⬤ Silver (XAG) has been trading sideways after a steep drop from recent highs, with prices now settling between $73 and $75 on the hourly timeframe. The metal is hovering around the mid-$74 level as the market takes a breather following the correction. Recent upward moves look more like short-term reactions than anything sustainable, and the overall picture still leans slightly downward despite a rising trend line visible on the chart.
⬤ Sellers keep stepping in near the top of the range, especially when silver approaches $75. The Point of Control on the volume profile sits around $74.75, marking where most trading activity is concentrated. For silver to show real strength, it needs to break and hold above $75.70. Right now, the Bollinger Bands show price action stuck near the middle band, confirming consolidation rather than any clear trend. Moving averages are bunched together around current price levels, reinforcing the sideways feel.
⬤ Technical indicators are sitting on the fence. RSI is near 52, meaning momentum could go either way. Trading volume has dropped off during the recent bounce, suggesting buyers aren't particularly aggressive.

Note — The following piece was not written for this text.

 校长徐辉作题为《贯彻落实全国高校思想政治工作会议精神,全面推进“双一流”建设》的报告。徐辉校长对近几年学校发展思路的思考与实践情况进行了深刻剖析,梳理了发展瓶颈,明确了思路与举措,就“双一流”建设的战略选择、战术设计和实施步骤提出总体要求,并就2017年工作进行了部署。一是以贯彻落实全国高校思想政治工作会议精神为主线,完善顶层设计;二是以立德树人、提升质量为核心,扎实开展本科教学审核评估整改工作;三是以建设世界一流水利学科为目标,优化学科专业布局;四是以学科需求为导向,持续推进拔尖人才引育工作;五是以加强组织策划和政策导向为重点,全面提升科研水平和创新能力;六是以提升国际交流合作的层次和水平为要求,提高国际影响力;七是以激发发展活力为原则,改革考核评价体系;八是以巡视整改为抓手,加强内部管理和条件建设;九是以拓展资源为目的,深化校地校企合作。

Volume Delta remains negative, pointing to ongoing selling pressure. The Parabolic SAR dots above price hint at downside risk in the near term. Key support levels to watch are $73.35, $73.17, $72.36, and $69.75, while resistance sits at $74.65, $75.22, $75.78, and $81.00.

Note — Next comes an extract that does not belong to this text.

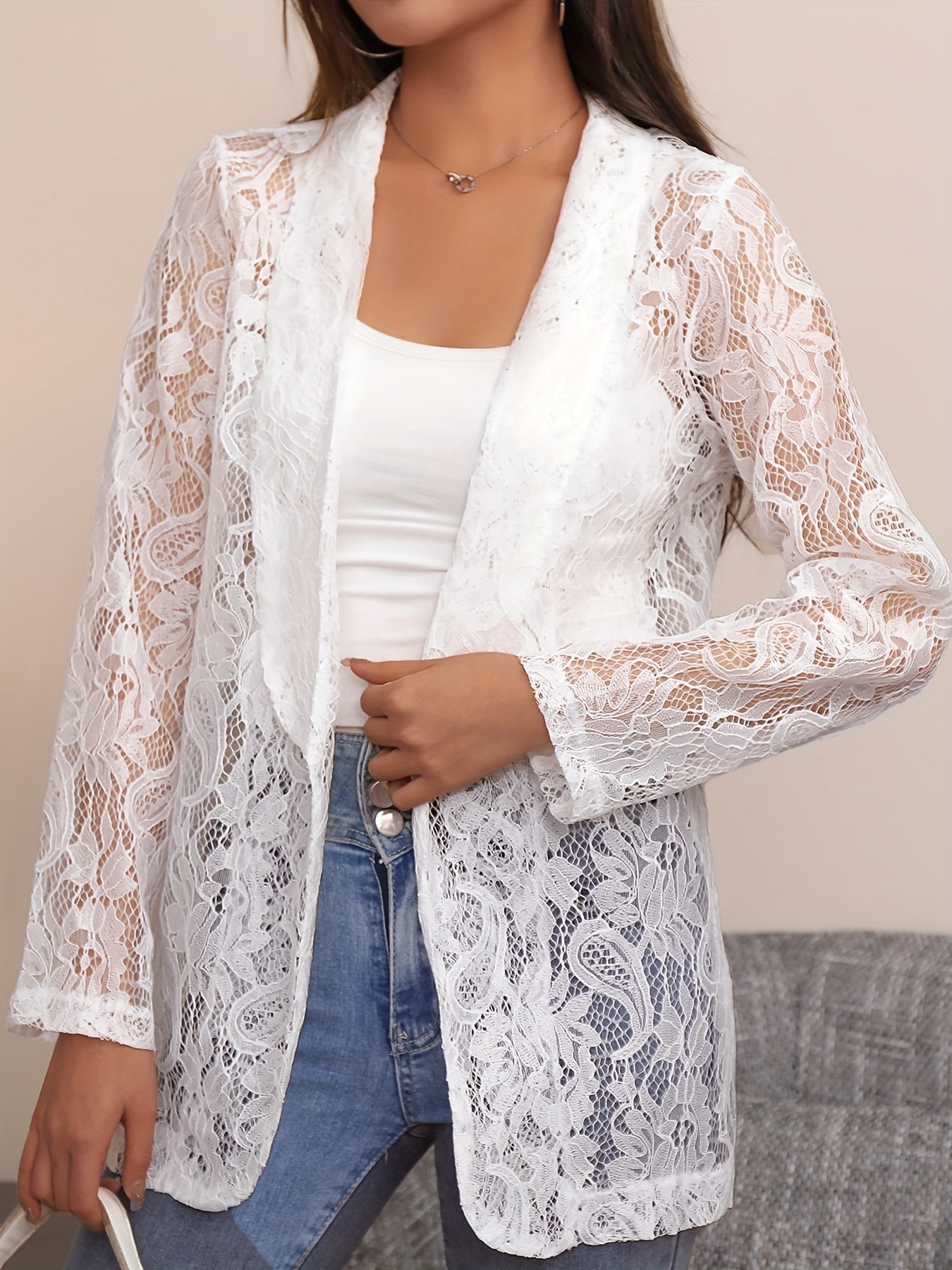 Floral Lace Lapel Blazer, Elegant Long Sleeve Open Front Outwear.

⬤ Silver's price action matters because the metal reacts quickly to macro shifts given its role in both investment portfolios and industrial production. Changes in gold prices and renewed dollar strength are keeping pressure on XAG. With silver locked in the $73-$75 range and volatility expected to stay elevated, traders are watching whether consolidation leads to a breakout above $75.70 or if the sideways-to-down pattern continues in the sessions ahead.